--- Supplied material Enclosed Below ---

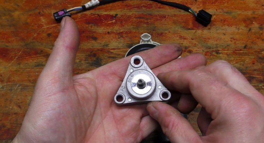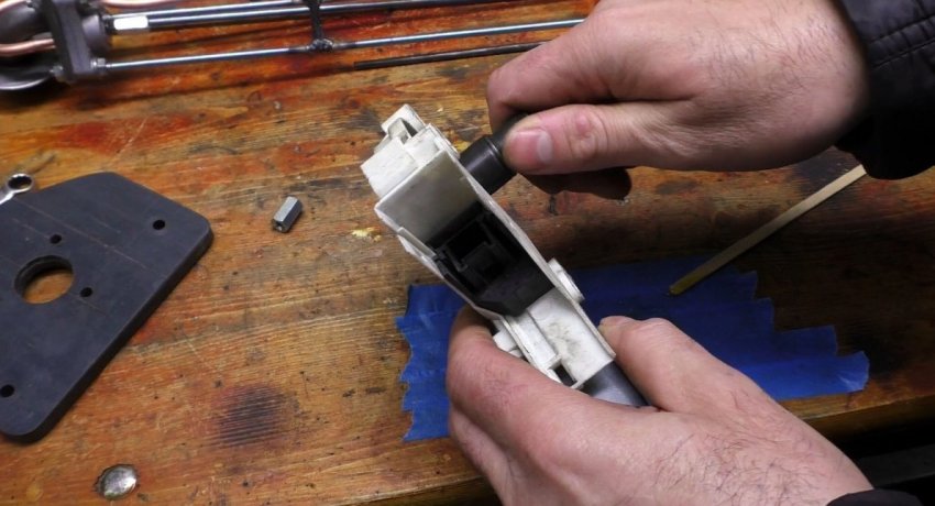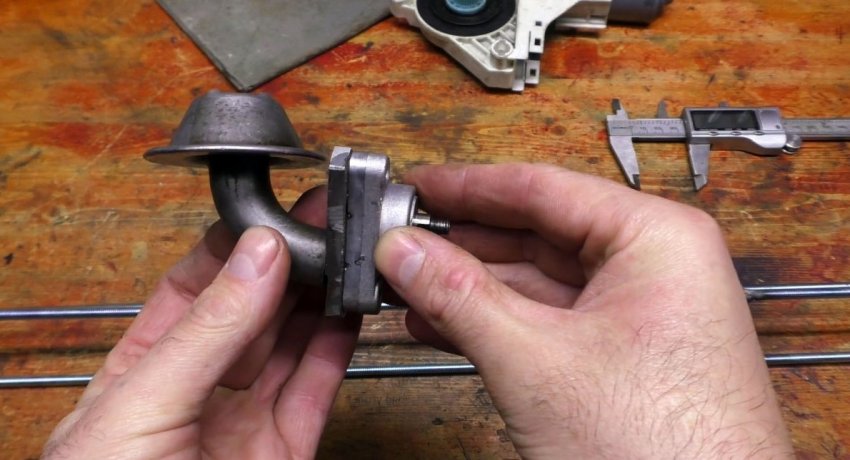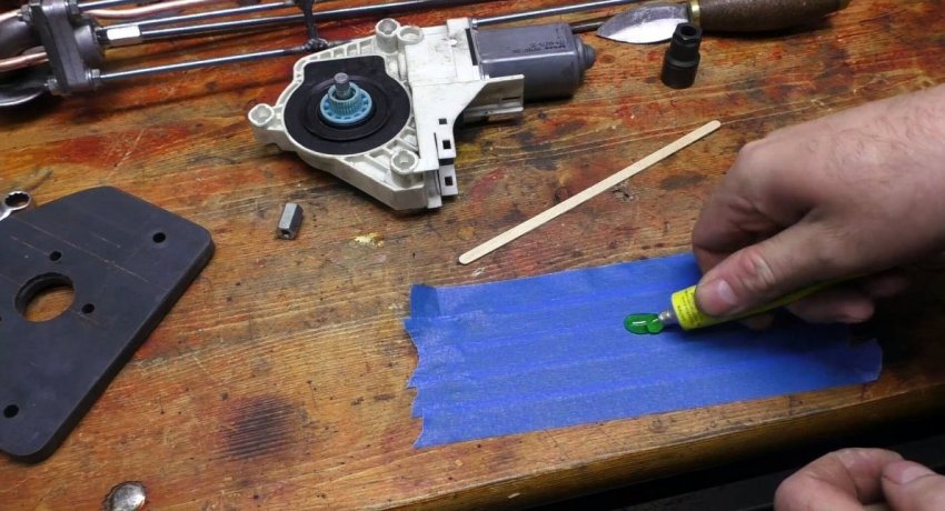 Далее нужно оснастить вал стеклоподъемника переходником под внутреннюю резьбу М6, чтобы соединиться со шпилькой, идущей от насоса. Для этого на его шестерню вклеивается эпоксидной смолой трубка или часть форсунки. Сверху на нее приваривается удлиненная гайка М6.
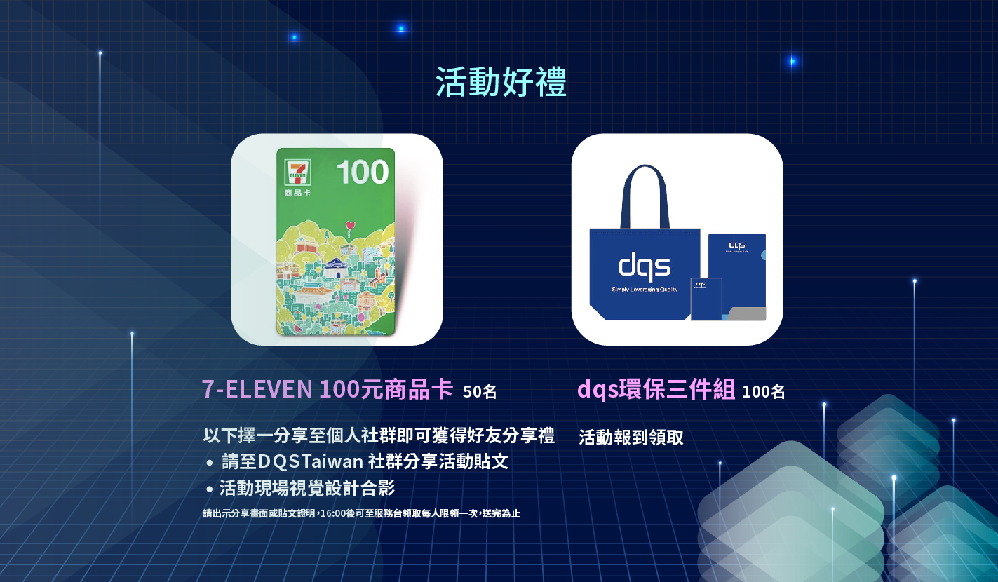 前 50 位分享本活動報名貼文或拍攝現場活動畫面並上傳社群者,即贈 7-11 禮品卡 100 元
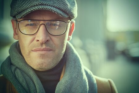 Portrait of an old man with glasses and a cap in the city

--- End of Enclosed Supplied material ---

# Exercise details
Type out the data above once more, exactly, with no images included.

# Task solution
 Далее нужно оснастить вал стеклоподъемника переходником под внутреннюю резьбу М6, чтобы соединиться со шпилькой, идущей от насоса. Для этого на его шестерню вклеивается эпоксидной смолой трубка или часть форсунки. Сверху на нее приваривается удлиненная гайка М6.
 前 50 位分享本活動報名貼文或拍攝現場活動畫面並上傳社群者,即贈 7-11 禮品卡 100 元
 Portrait of an old man with glasses and a cap in the city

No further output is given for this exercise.